Your objective:
Would you transcribe the whole listing exactly, minus its pictures?

Given entries:
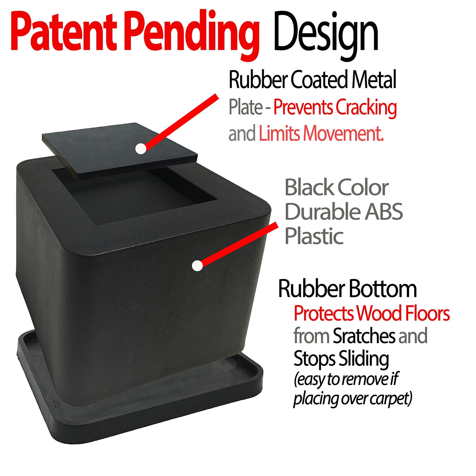 - ELEVATION UP TO 3 INCHES PER RISER & LIFTS OVER 6,800 LBs PER LEG - Our patent pending new version of this heavy duty bed lift risers has an anti-skid foam grip pad that helps to prevent bed wheels rolling on the tip of the riser and gives firm grip due to non-slip foam protector.
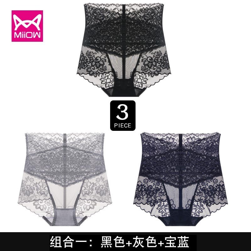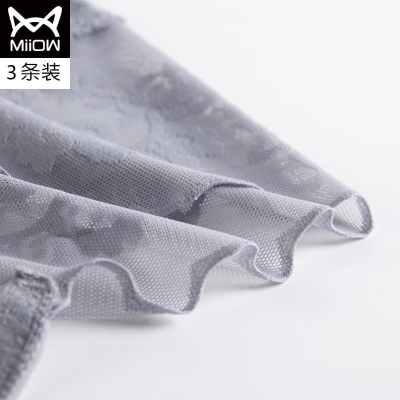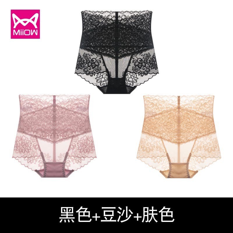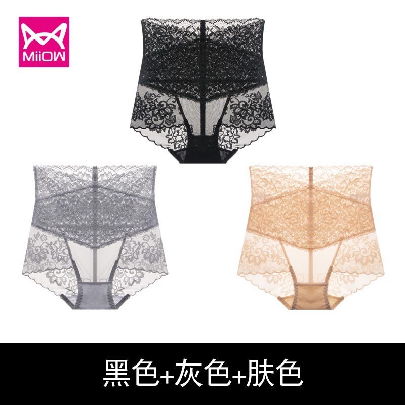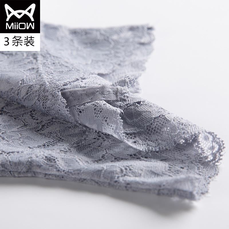 MiiOW/猫人3条装内裤女性感女士高腰蕾丝三角裤镂空高弹提臀棉档女内裤JC6919
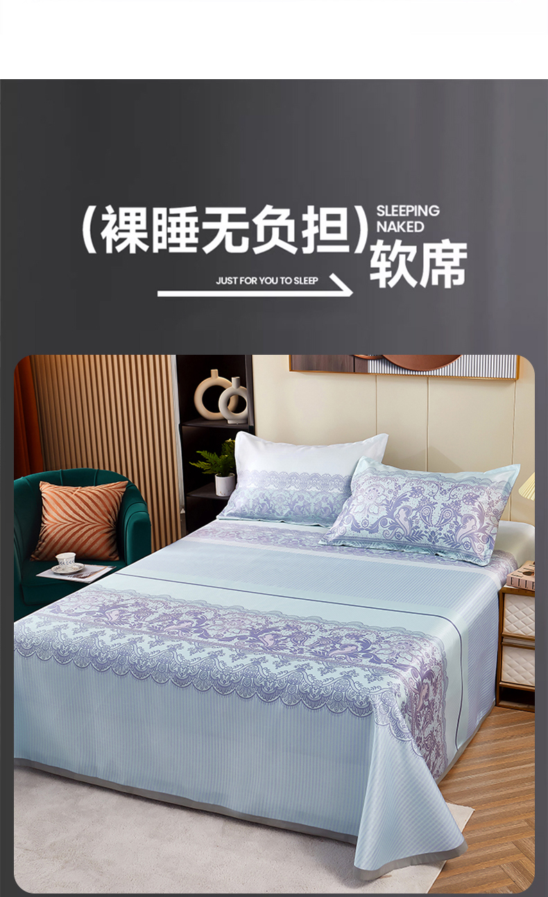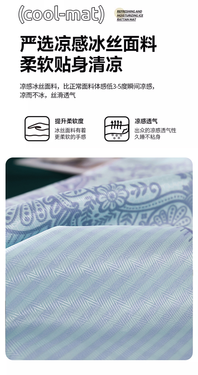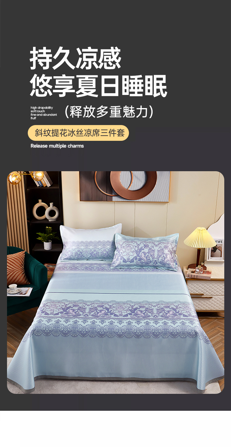 (总)星窝家纺 2025新款直播电商优选可机洗斜纹提花冰丝凉席三件套
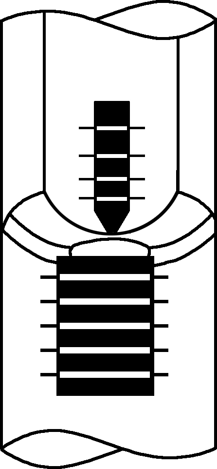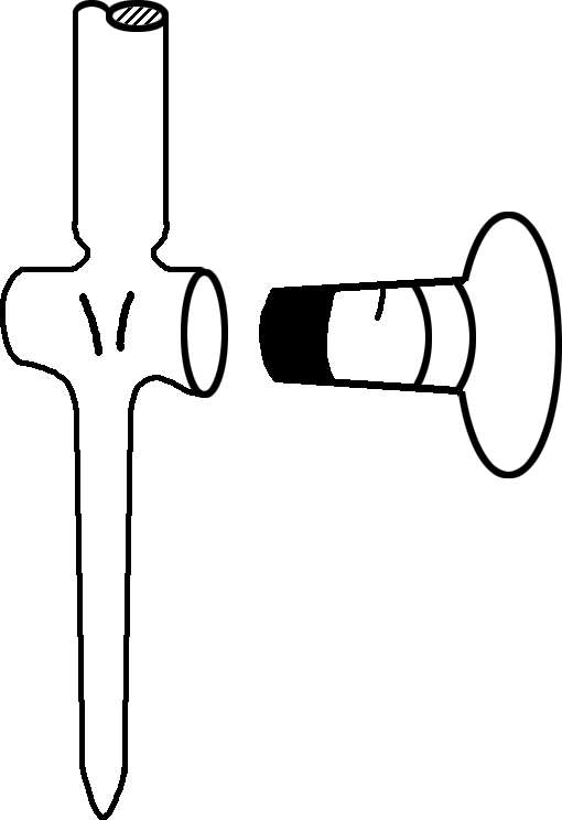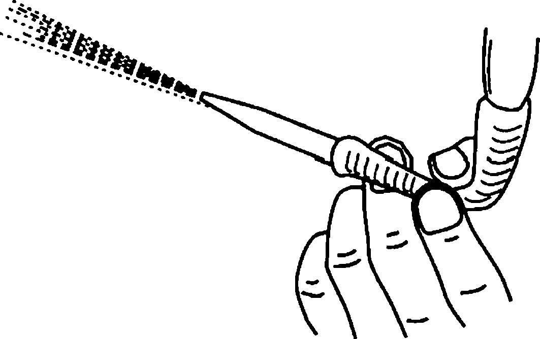 擦干活塞和活塞槽内壁,用手指蘸少量凡士林在活塞的两端涂上薄薄一层,注意在活塞孔的附近不能涂多,以免堵塞活塞孔(图2-12)。涂完以后将活塞插入槽内,活塞孔应与滴定管平行(图2-13)。向同一方向转动活塞,直至活塞中油膜均匀透明,若发现仍转动不灵活,或活塞内的油层出现纹路,表示涂油不够。如果有油从活塞缝隙溢出或挤入活塞孔,表示涂油太多。遇到这些情况,都必须将活塞和活塞槽擦干净后重新涂油。
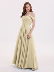 Off the Shoulder Empire Bridesmaid Dresses Champagne
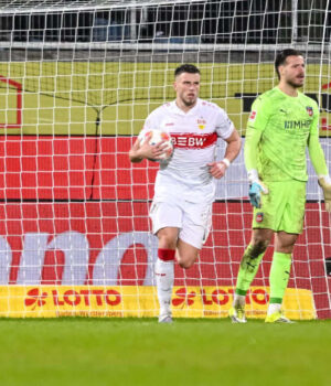 Mas o próprio Stuttgart recebeu um pênalti quando Conteh derrubou Bilal El Khans na área e Mittelstadt cabeceou para a rede por seu erro anterior, aos 44 minutos.
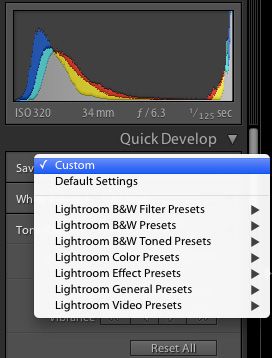 Quick Develop Presets are now grouped into folders. In the past they were shown on a long list of available presets. With this new classification, it is easier to get to what you want and choose one preset on the list. If you create your own presets or download some from other photographers’ web sites or friends, you will appreciate the folder hierarchy.
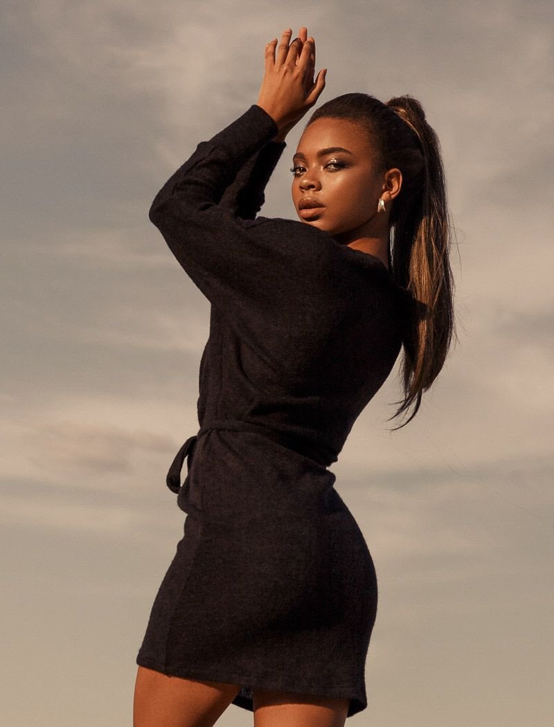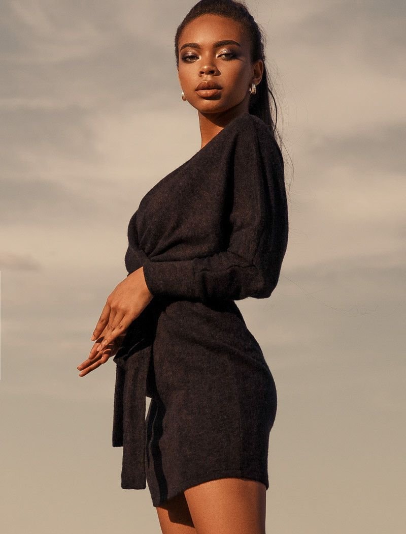 A knitted dress on the back?x with a one-piece sleeve, a deep v-neck, a cut-off waist, a tight-fitting skirt, complemented by a plain belt.
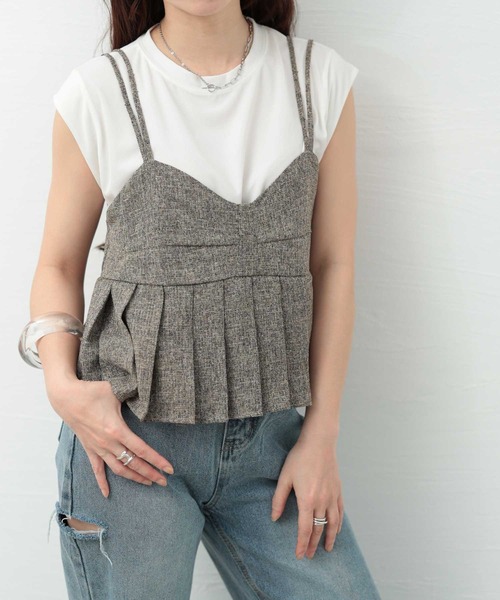 【アイテム】レイヤードで楽しめるトレンドライクなプリーツデザインビスチェです。プリーツ部分が綺麗なフレアシルエットを描き立体的なシルエットに。着丈は腰にかかるくらいの丈です。ノースリーブです。トレンドライクな細めのダブルショルダーが華奢見え。垂れるひもが可愛く、後ろ姿も着映えること間違いなし。後ろ部分にはシャーリングゴムが施してあり、ストレスフリーな着心地に。ブラック・ブラウンの2色展開です。エレガントなコーディネートに仕上がります。【シーン】お出かけ、旅行、ランチ、ディナー、女子会、デートに活躍します。【体型カバー】プリーツがウエスト・腰周りをカバーしてくれます。※お使いのディスプレイにより色味が異なって見える場合がございます。ご了承の上お買い求め下さい。※他のキャンペーンにより、期間中に価格が変動する場合があります。☆『お気に入り登録』でお得な情報がいっぱい☆■「商品のお気に入り登録」で再入荷通知や、在庫残り僅かの通知、セール通知も受け取ることができます。■「ブランドのお気に入り登録」で新商品や再入荷など、お得な情報を受け取ることができます!是非ご登録くださいね☆
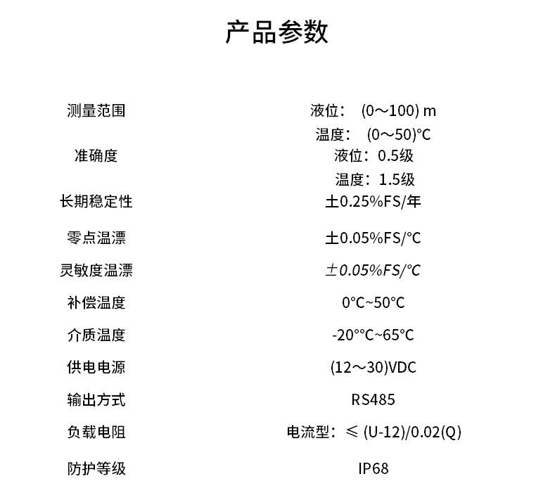 高精度測量:該變送器采用高性能擴散硅壓阻式壓力傳感器作為測量元件,能夠準(zhǔn)確測量液位深度及液體溫度,實現(xiàn)高精度測量。
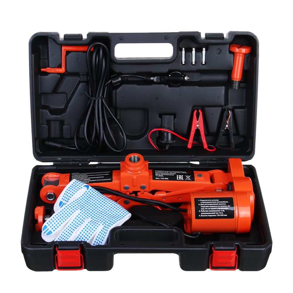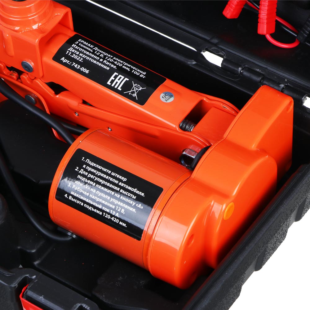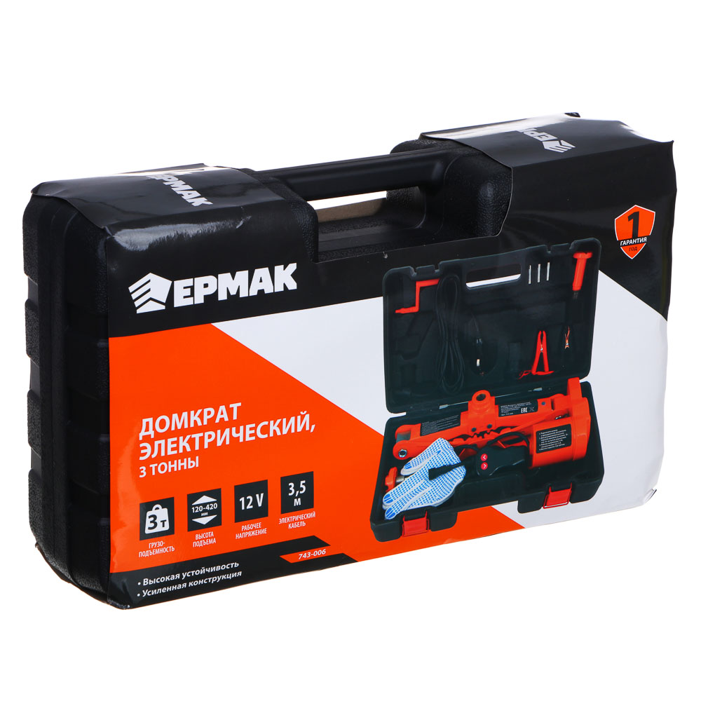 Электрический домкрат ЕРМАК может использоваться с автомобильным разъемом питания 12V. Он может поднять автомобиль менее чем за 1 минуту ! Простой и компактный дизайн комплекта легко упаковывается в прилагаемую пластиковую коробку для легкой транспортировки и хранения. Набор будет полезен в гараже, автомастерской, также пригодится водителям в поездке.Основные характеристики:Минимальная высота подъема: 12 см;Максимальная высота подъема: 42 см;Грузоподъемность - 3,000 кг;Электрический кабель 3,5 м.
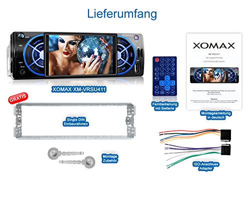 -. Title : XOMAX XM-VRSU411 Autoradio / Moniceiver + 7 Farben einstellbar (blau, türkis, weiß, grün, gelb, lila, rot) + 10 cm / 4" Zoll Farb-Monitor/Display/Bildschirm + USB Anschluss & Micro SD / SDHC Slot (jeweils bis zu 32 GB!) für MP3, WMA, AVI, MP4 + AUX IN Anschluss + ohne CD Laufwerk + Anschluss für Rückfahrkamera + Video out + Single DIN (1 DIN) Standard Einbaugröße + inkl. Einbaurahmen & Fernbedienung
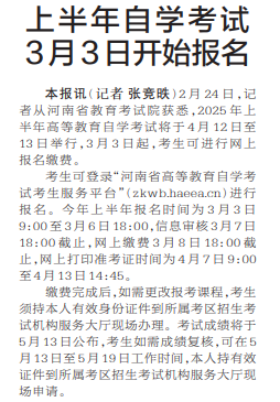 2月24日,记者从河南省教育考试院获悉,2025年上半年高等教育自学考试将于4月12日至13日举行,3月3日起,考生可进行网上报名缴费。(今日《郑州日报》2版)

The completed task:
 - ELEVATION UP TO 3 INCHES PER RISER & LIFTS OVER 6,800 LBs PER LEG - Our patent pending new version of this heavy duty bed lift risers has an anti-skid foam grip pad that helps to prevent bed wheels rolling on the tip of the riser and gives firm grip due to non-slip foam protector.
 MiiOW/猫人3条装内裤女性感女士高腰蕾丝三角裤镂空高弹提臀棉档女内裤JC6919
 (总)星窝家纺 2025新款直播电商优选可机洗斜纹提花冰丝凉席三件套
 擦干活塞和活塞槽内壁,用手指蘸少量凡士林在活塞的两端涂上薄薄一层,注意在活塞孔的附近不能涂多,以免堵塞活塞孔(图2-12)。涂完以后将活塞插入槽内,活塞孔应与滴定管平行(图2-13)。向同一方向转动活塞,直至活塞中油膜均匀透明,若发现仍转动不灵活,或活塞内的油层出现纹路,表示涂油不够。如果有油从活塞缝隙溢出或挤入活塞孔,表示涂油太多。遇到这些情况,都必须将活塞和活塞槽擦干净后重新涂油。
 Off the Shoulder Empire Bridesmaid Dresses Champagne
 Mas o próprio Stuttgart recebeu um pênalti quando Conteh derrubou Bilal El Khans na área e Mittelstadt cabeceou para a rede por seu erro anterior, aos 44 minutos.
 Quick Develop Presets are now grouped into folders. In the past they were shown on a long list of available presets. With this new classification, it is easier to get to what you want and choose one preset on the list. If you create your own presets or download some from other photographers’ web sites or friends, you will appreciate the folder hierarchy.
 A knitted dress on the back?x with a one-piece sleeve, a deep v-neck, a cut-off waist, a tight-fitting skirt, complemented by a plain belt.
 【アイテム】レイヤードで楽しめるトレンドライクなプリーツデザインビスチェです。プリーツ部分が綺麗なフレアシルエットを描き立体的なシルエットに。着丈は腰にかかるくらいの丈です。ノースリーブです。トレンドライクな細めのダブルショルダーが華奢見え。垂れるひもが可愛く、後ろ姿も着映えること間違いなし。後ろ部分にはシャーリングゴムが施してあり、ストレスフリーな着心地に。ブラック・ブラウンの2色展開です。エレガントなコーディネートに仕上がります。【シーン】お出かけ、旅行、ランチ、ディナー、女子会、デートに活躍します。【体型カバー】プリーツがウエスト・腰周りをカバーしてくれます。※お使いのディスプレイにより色味が異なって見える場合がございます。ご了承の上お買い求め下さい。※他のキャンペーンにより、期間中に価格が変動する場合があります。☆『お気に入り登録』でお得な情報がいっぱい☆■「商品のお気に入り登録」で再入荷通知や、在庫残り僅かの通知、セール通知も受け取ることができます。■「ブランドのお気に入り登録」で新商品や再入荷など、お得な情報を受け取ることができます!是非ご登録くださいね☆
 高精度測量:該變送器采用高性能擴散硅壓阻式壓力傳感器作為測量元件,能夠準(zhǔn)確測量液位深度及液體溫度,實現(xiàn)高精度測量。
 Электрический домкрат ЕРМАК может использоваться с автомобильным разъемом питания 12V. Он может поднять автомобиль менее чем за 1 минуту ! Простой и компактный дизайн комплекта легко упаковывается в прилагаемую пластиковую коробку для легкой транспортировки и хранения. Набор будет полезен в гараже, автомастерской, также пригодится водителям в поездке.Основные характеристики:Минимальная высота подъема: 12 см;Максимальная высота подъема: 42 см;Грузоподъемность - 3,000 кг;Электрический кабель 3,5 м.
 -. Title : XOMAX XM-VRSU411 Autoradio / Moniceiver + 7 Farben einstellbar (blau, türkis, weiß, grün, gelb, lila, rot) + 10 cm / 4" Zoll Farb-Monitor/Display/Bildschirm + USB Anschluss & Micro SD / SDHC Slot (jeweils bis zu 32 GB!) für MP3, WMA, AVI, MP4 + AUX IN Anschluss + ohne CD Laufwerk + Anschluss für Rückfahrkamera + Video out + Single DIN (1 DIN) Standard Einbaugröße + inkl. Einbaurahmen & Fernbedienung
 2月24日,记者从河南省教育考试院获悉,2025年上半年高等教育自学考试将于4月12日至13日举行,3月3日起,考生可进行网上报名缴费。(今日《郑州日报》2版)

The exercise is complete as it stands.